Novack D F, Casna N J, Fischer S G, Ford J P
Proc Natl Acad Sci U S A. 1986 Feb;83(3):586-90. doi: 10.1073/pnas.83.3.586.
We have developed a method for distinguishing fragments of DNA that contain single-base mismatches from their perfectly paired homologues. Single-stranded regions within a duplex fragment are accessible to 1-cyclohexyl-3-(2-[4-(4-methyl)morpholinyl]ethyl)carbodiimide, which reacts with unpaired guanidylate and thymidylate residues in DNA. Intact linear duplex DNA molecules do not react with carbodiimide, whereas DNA molecules containing single-base mismatches react quantitatively. After carbodiimide reaction, the DNA molecules are electrophoresed in high-percentage polyacrylamide gels so that modified and unmodified fragments can be resolved. Application of this technique should make it possible to locate and purify DNA fragments that exhibit sequence differences from those that do not; these might be used to signal phenotypic variation as well as to diagnose inherited disease.
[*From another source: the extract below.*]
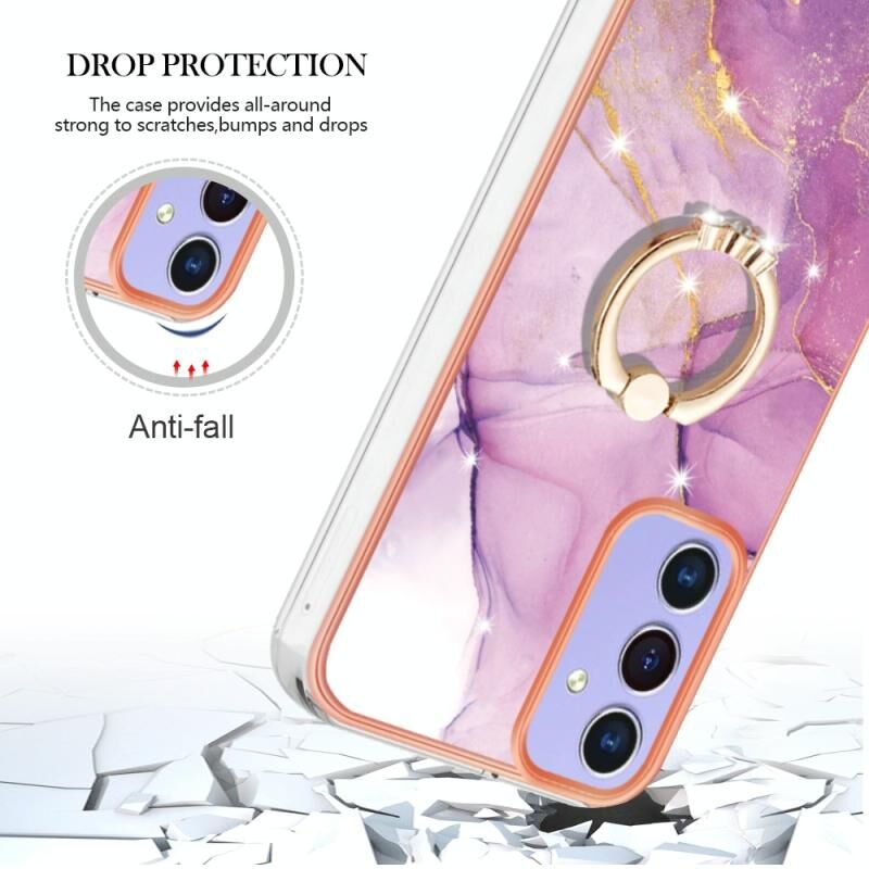 Θήκη κινητού τηλεφώνου Samsung Galaxy A16 5G με Ηλεκτρολυτική επικάλυψη, σχέδιο Μάρμαρου IMD, από TPU με Δακτύλιο Στήριξης (Μωβ 002)

我们已经开发出一种方法,用于区分含有单碱基错配的DNA片段与其完全配对的同源片段。双链片段中的单链区域可被1-环己基-3-(2-[4-(4-甲基)吗啉基]乙基)碳二亚胺作用,该试剂会与DNA中未配对的鸟苷酸和胸苷酸残基发生反应。完整的线性双链DNA分子不会与碳二亚胺反应,而含有单碱基错配的DNA分子则会发生定量反应。碳二亚胺反应后,将DNA分子在高百分比聚丙烯酰胺凝胶中进行电泳,以便分离修饰和未修饰的片段。应用这项技术应该能够定位和纯化那些与无序列差异的片段表现出序列不同的DNA片段;这些片段可用于指示表型变异以及诊断遗传性疾病。